▶ **GIVEN MATERIAL**
---

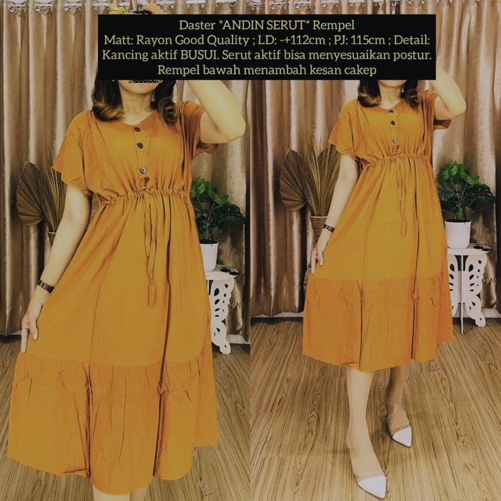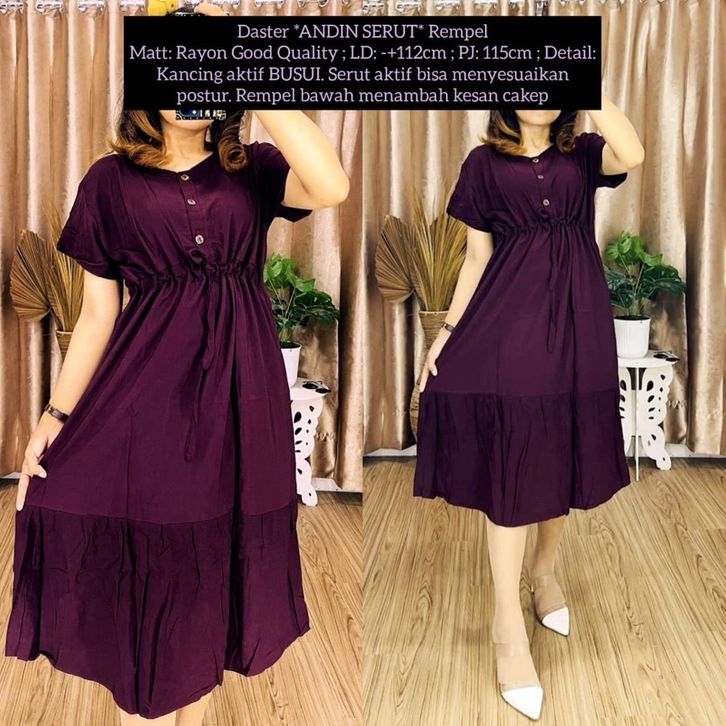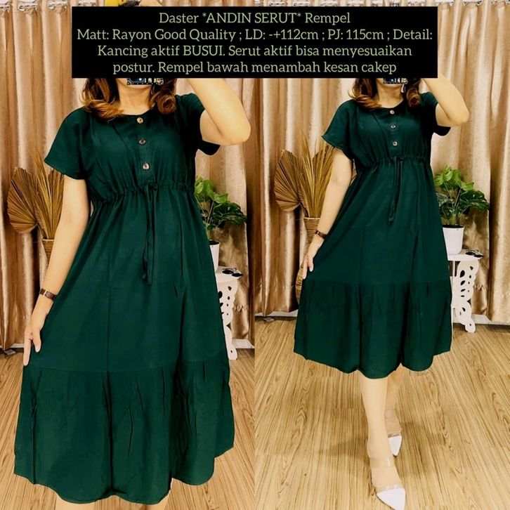 BAJU DASTER DRESS BUSUI WANITA ANDIN KIMONO RUFFLE RAYON PREMIUM SERUT KERUT KANCING DEPAN FULL BATIK PEKALONGAN DASTER
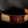 La finition en couture sellier (cousue main) témoigne d’un savoir-faire artisanal rare, pour un collier aussi résistant qu’élégant.
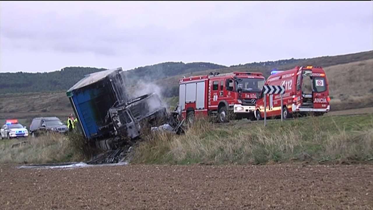 Sorladan auto batek eta kamioi batek elkar jo dute; kolpearen ostean bi ibilgailuek su hartu dute. Hiru pertsona hil dira ezbeharrean.
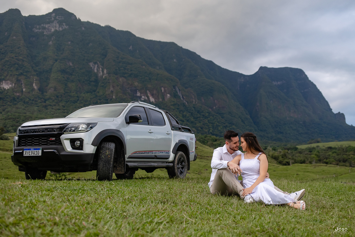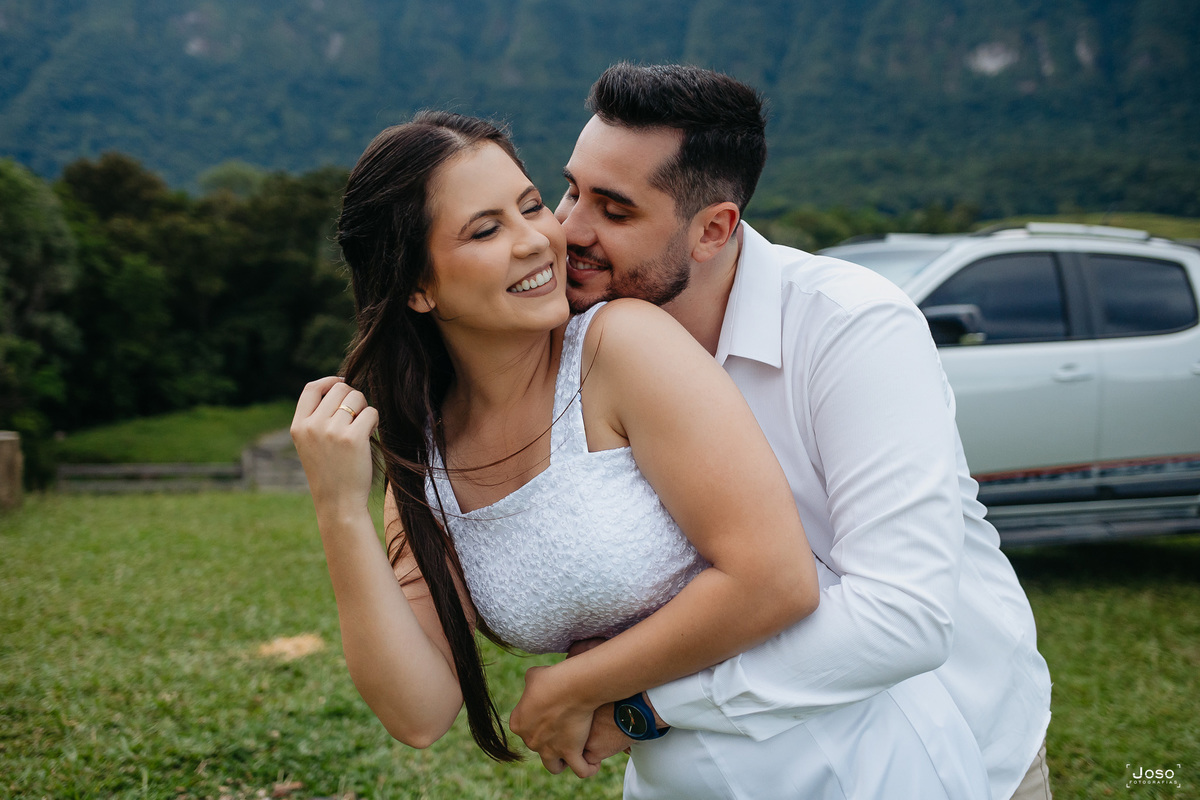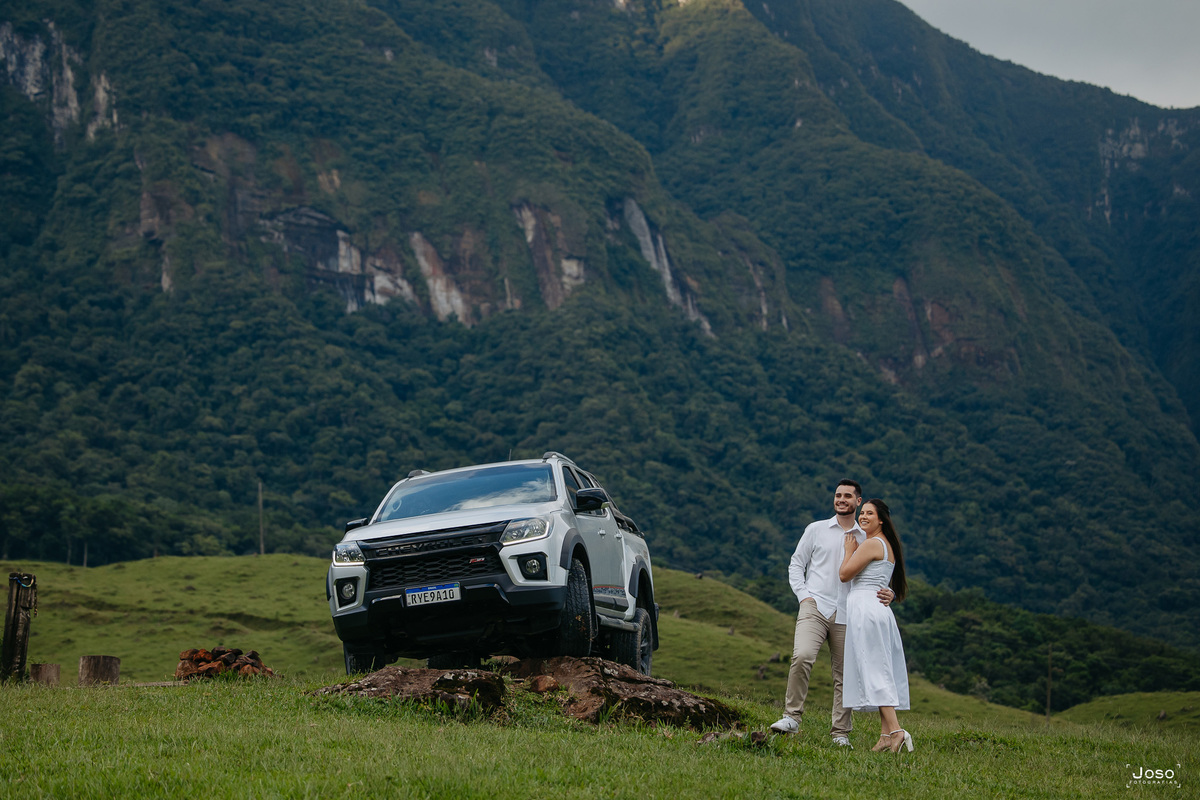 O noivo Gabriel, animado e cheio de orgulho, não escondia o brilho nos olhos ao posar com a caminhonete, detalhe, ele é parece adorar carros, mas apaixonado mesmo, ele é pela Jheni. Que com seu sorriso leve, completava a cena com delicadeza e cumplicidade.

---

▶ **THE TASK**
Every line from the top of the material above through the line with "La finition en" should be duplicated exactly, please; leave out the pictures.

▶ **TASK SOLUTION**
 BAJU DASTER DRESS BUSUI WANITA ANDIN KIMONO RUFFLE RAYON PREMIUM SERUT KERUT KANCING DEPAN FULL BATIK PEKALONGAN DASTER
 La finition en couture sellier (cousue main) témoigne d’un savoir-faire artisanal rare, pour un collier aussi résistant qu’élégant.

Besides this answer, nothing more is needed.